» **What is required**:
Every entry below is to be copied exactly, apart from any picture it holds.

*****

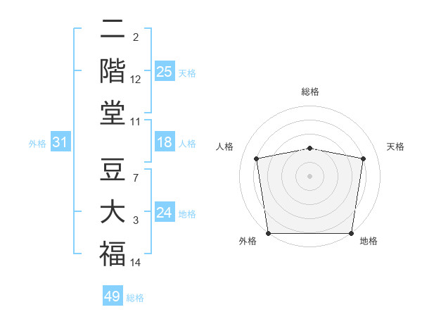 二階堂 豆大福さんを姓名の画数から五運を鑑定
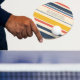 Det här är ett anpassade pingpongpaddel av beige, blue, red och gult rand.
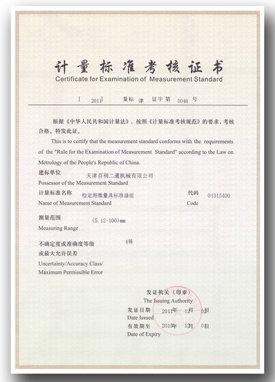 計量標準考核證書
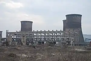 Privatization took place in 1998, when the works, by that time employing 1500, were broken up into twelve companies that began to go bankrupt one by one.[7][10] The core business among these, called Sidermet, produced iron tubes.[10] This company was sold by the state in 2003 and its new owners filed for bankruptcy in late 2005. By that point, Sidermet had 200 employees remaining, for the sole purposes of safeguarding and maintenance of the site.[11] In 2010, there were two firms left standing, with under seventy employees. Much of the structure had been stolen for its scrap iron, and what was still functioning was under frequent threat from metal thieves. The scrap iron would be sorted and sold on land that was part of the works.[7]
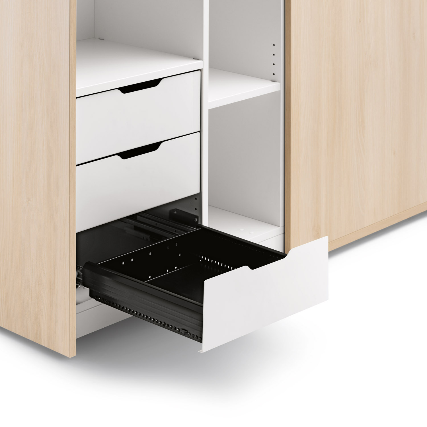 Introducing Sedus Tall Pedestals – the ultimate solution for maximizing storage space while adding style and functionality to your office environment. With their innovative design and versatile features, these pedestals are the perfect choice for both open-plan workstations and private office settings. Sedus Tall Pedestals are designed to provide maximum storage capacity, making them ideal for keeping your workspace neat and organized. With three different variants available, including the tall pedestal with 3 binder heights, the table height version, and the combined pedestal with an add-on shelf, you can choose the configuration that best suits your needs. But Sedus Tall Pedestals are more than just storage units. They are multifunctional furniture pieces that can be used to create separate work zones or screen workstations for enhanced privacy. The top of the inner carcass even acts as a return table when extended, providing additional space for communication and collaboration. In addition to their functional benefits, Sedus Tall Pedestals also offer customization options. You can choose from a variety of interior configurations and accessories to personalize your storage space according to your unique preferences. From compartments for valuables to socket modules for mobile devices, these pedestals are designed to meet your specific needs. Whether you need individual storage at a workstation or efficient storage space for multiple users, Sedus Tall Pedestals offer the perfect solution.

*****

» **Solution below**:
 二階堂 豆大福さんを姓名の画数から五運を鑑定
 Det här är ett anpassade pingpongpaddel av beige, blue, red och gult rand.
 計量標準考核證書
 Privatization took place in 1998, when the works, by that time employing 1500, were broken up into twelve companies that began to go bankrupt one by one.[7][10] The core business among these, called Sidermet, produced iron tubes.[10] This company was sold by the state in 2003 and its new owners filed for bankruptcy in late 2005. By that point, Sidermet had 200 employees remaining, for the sole purposes of safeguarding and maintenance of the site.[11] In 2010, there were two firms left standing, with under seventy employees. Much of the structure had been stolen for its scrap iron, and what was still functioning was under frequent threat from metal thieves. The scrap iron would be sorted and sold on land that was part of the works.[7]
 Introducing Sedus Tall Pedestals – the ultimate solution for maximizing storage space while adding style and functionality to your office environment. With their innovative design and versatile features, these pedestals are the perfect choice for both open-plan workstations and private office settings. Sedus Tall Pedestals are designed to provide maximum storage capacity, making them ideal for keeping your workspace neat and organized. With three different variants available, including the tall pedestal with 3 binder heights, the table height version, and the combined pedestal with an add-on shelf, you can choose the configuration that best suits your needs. But Sedus Tall Pedestals are more than just storage units. They are multifunctional furniture pieces that can be used to create separate work zones or screen workstations for enhanced privacy. The top of the inner carcass even acts as a return table when extended, providing additional space for communication and collaboration. In addition to their functional benefits, Sedus Tall Pedestals also offer customization options. You can choose from a variety of interior configurations and accessories to personalize your storage space according to your unique preferences. From compartments for valuables to socket modules for mobile devices, these pedestals are designed to meet your specific needs. Whether you need individual storage at a workstation or efficient storage space for multiple users, Sedus Tall Pedestals offer the perfect solution.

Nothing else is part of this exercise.